## WORK INSTRUCTIONS
Taking the data below, please print only the lines from the line holding "Awesome Unicorn I’M" to the line holding "Womens Boho Tank", inclusive, with pictures omitted.

## SUPPLIED DATA
━━━━━━━━
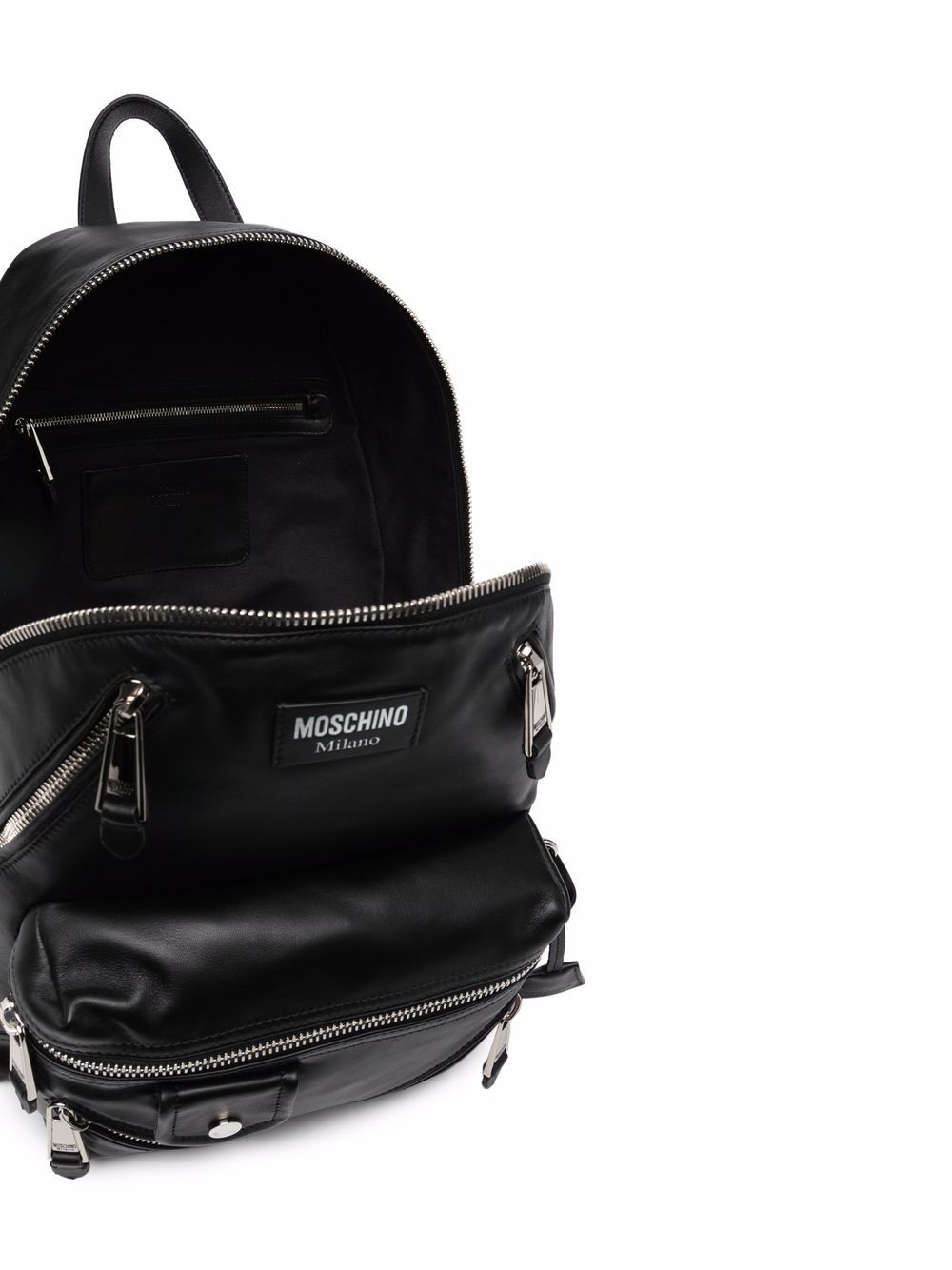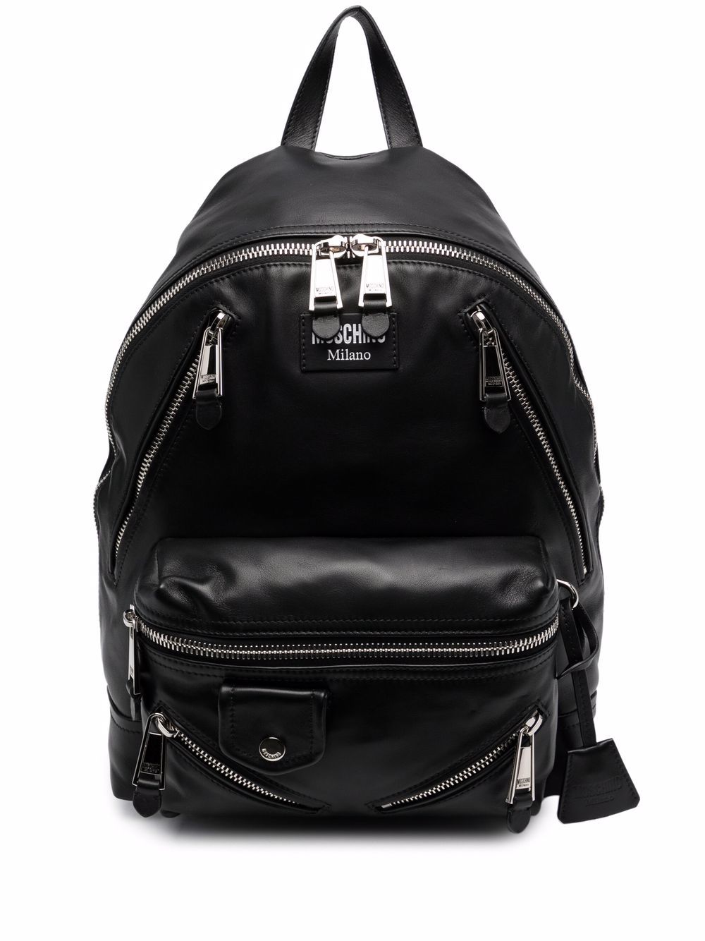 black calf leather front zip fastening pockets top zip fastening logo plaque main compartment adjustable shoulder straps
━━━━━━━━
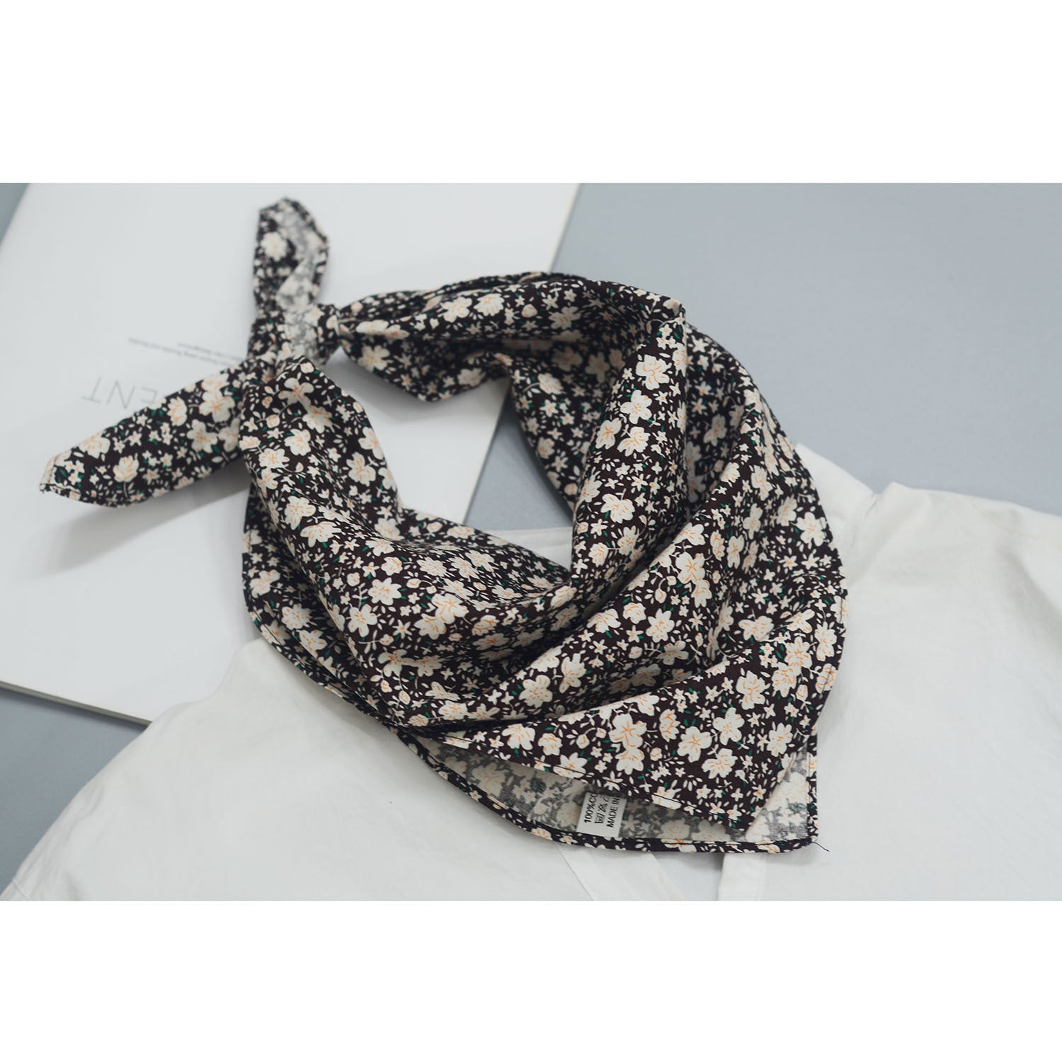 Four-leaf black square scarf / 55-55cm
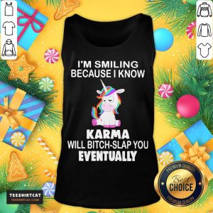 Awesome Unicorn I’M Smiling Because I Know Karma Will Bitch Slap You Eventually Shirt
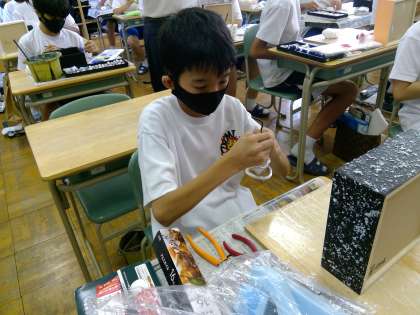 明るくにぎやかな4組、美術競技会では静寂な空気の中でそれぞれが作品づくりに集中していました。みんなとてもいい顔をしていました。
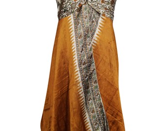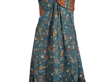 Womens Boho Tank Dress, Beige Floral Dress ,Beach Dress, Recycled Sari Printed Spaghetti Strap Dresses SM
━━━━━━━━
## OUTPUT OF THE EXERCISE
 Awesome Unicorn I’M Smiling Because I Know Karma Will Bitch Slap You Eventually Shirt
 明るくにぎやかな4組、美術競技会では静寂な空気の中でそれぞれが作品づくりに集中していました。みんなとてもいい顔をしていました。
 Womens Boho Tank Dress, Beige Floral Dress ,Beach Dress, Recycled Sari Printed Spaghetti Strap Dresses SM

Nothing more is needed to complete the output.